An exact copy of the lines from the top of the data through the line with "ロサンゼルスのお店のように並" is what you should give, with no pictures in it.

(Input)

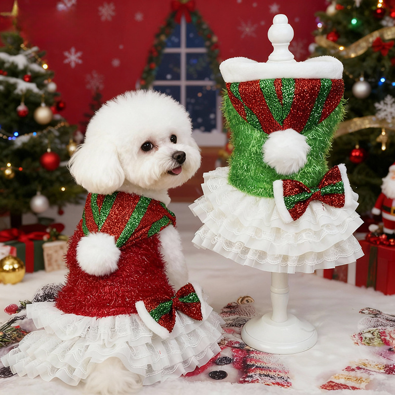 Pakaian anjing mewah berkilau Natal hewan peliharaan Dekorasi liburan jumpsuit klasik lintas batas Elf baru
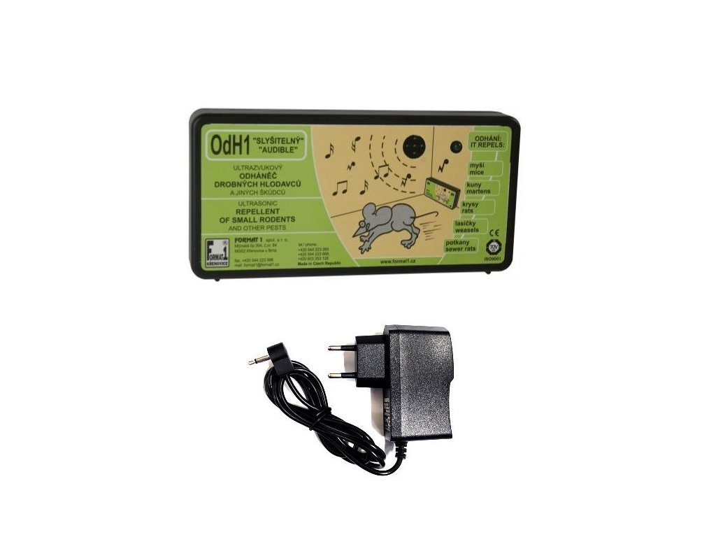 Odpuzovač myší a kun FORMAT OdH1 slyšitelný, sada plašič + adaptérZvukově-ultrazvukový elektronický odháněč myší, kun, krys, lasiček a potkanů.
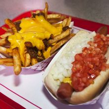 ロサンゼルスのお店のように並ばなくても食べられます。滞在中2回行きました。1回目に注文したチリチーズドックは美味しかったのですが、具の重みにパンが耐えられず、食べるのに苦労しました。なので、2回目は食べやすそうなチリチーズフライにしてみました。こちらは食べやすく、ポテトとの相性もGOODでした!お値段は少し高めでしたが、ラスベガスに行ったらまた行くと思います。
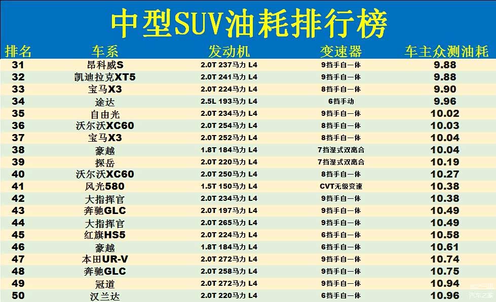 奥迪Q5L排名第20位,它搭载2.0T发动机最大马力为190Ps,百公里油耗只有9.2L,日产楼兰搭载2.5L发动机,百公里油耗在9.5L左右。国产车星途凌云、长安欧尚科赛和长安CS85 COUPE的车主众测油耗也都在10L以内。别克昂科威S、凯迪拉克XT5、宝马X3和日产途达的油耗也未超过10L,自由光、沃尔沃XC60、吉利豪越、大指挥官和红旗HS5的2.0T车型,整体油耗表现也比较不错。丰田汉兰达排名第50位,它搭载2.0T常规功率发动机,最大马力为220Ps,百公里油耗也在11L以内。
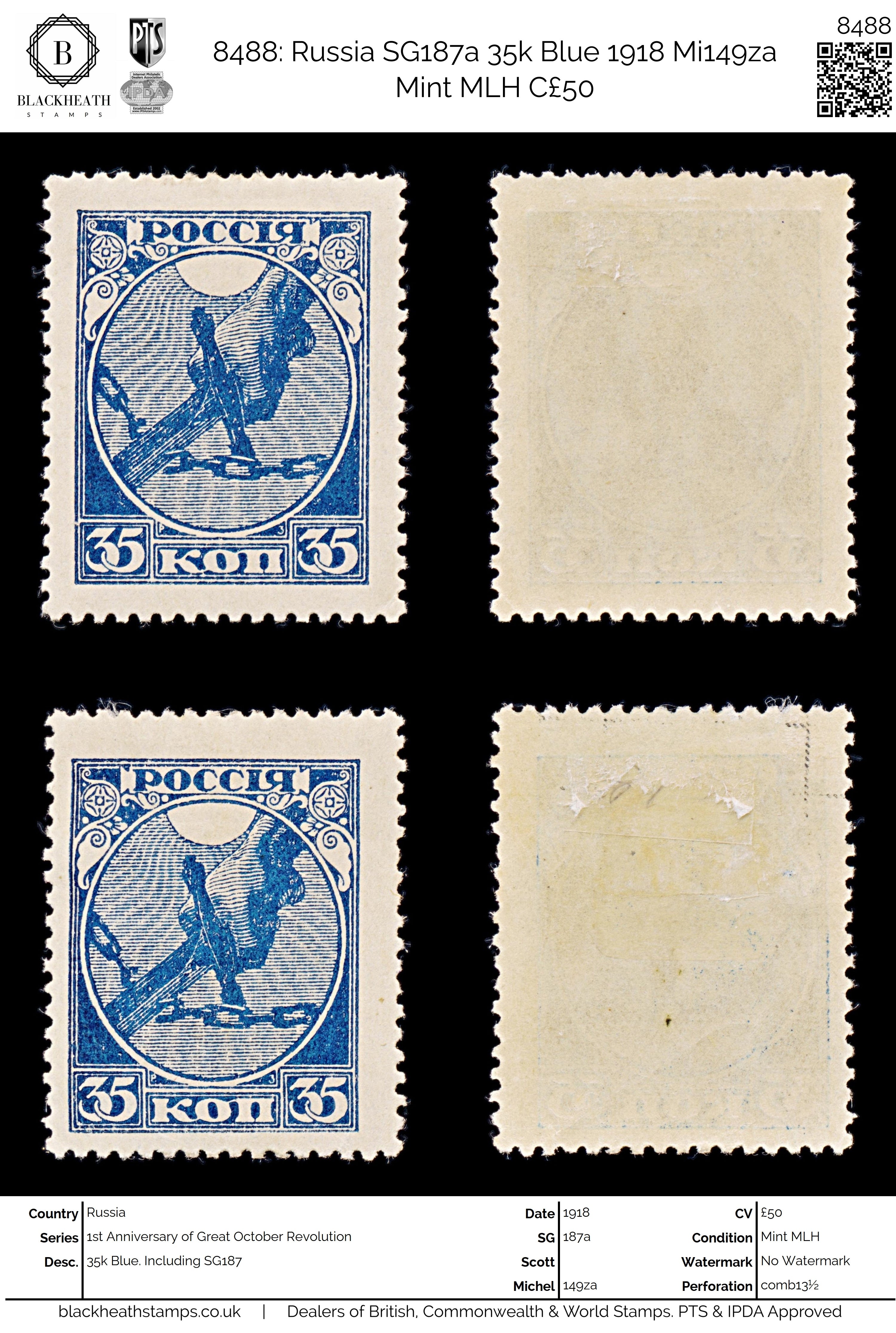 8488: Russia SG187a 35k Blue 1918 Mi149za Mint MLH C£50: Including SG187

(End Input)

— Solution —
 Pakaian anjing mewah berkilau Natal hewan peliharaan Dekorasi liburan jumpsuit klasik lintas batas Elf baru
 Odpuzovač myší a kun FORMAT OdH1 slyšitelný, sada plašič + adaptérZvukově-ultrazvukový elektronický odháněč myší, kun, krys, lasiček a potkanů.
 ロサンゼルスのお店のように並ばなくても食べられます。滞在中2回行きました。1回目に注文したチリチーズドックは美味しかったのですが、具の重みにパンが耐えられず、食べるのに苦労しました。なので、2回目は食べやすそうなチリチーズフライにしてみました。こちらは食べやすく、ポテトとの相性もGOODでした!お値段は少し高めでしたが、ラスベガスに行ったらまた行くと思います。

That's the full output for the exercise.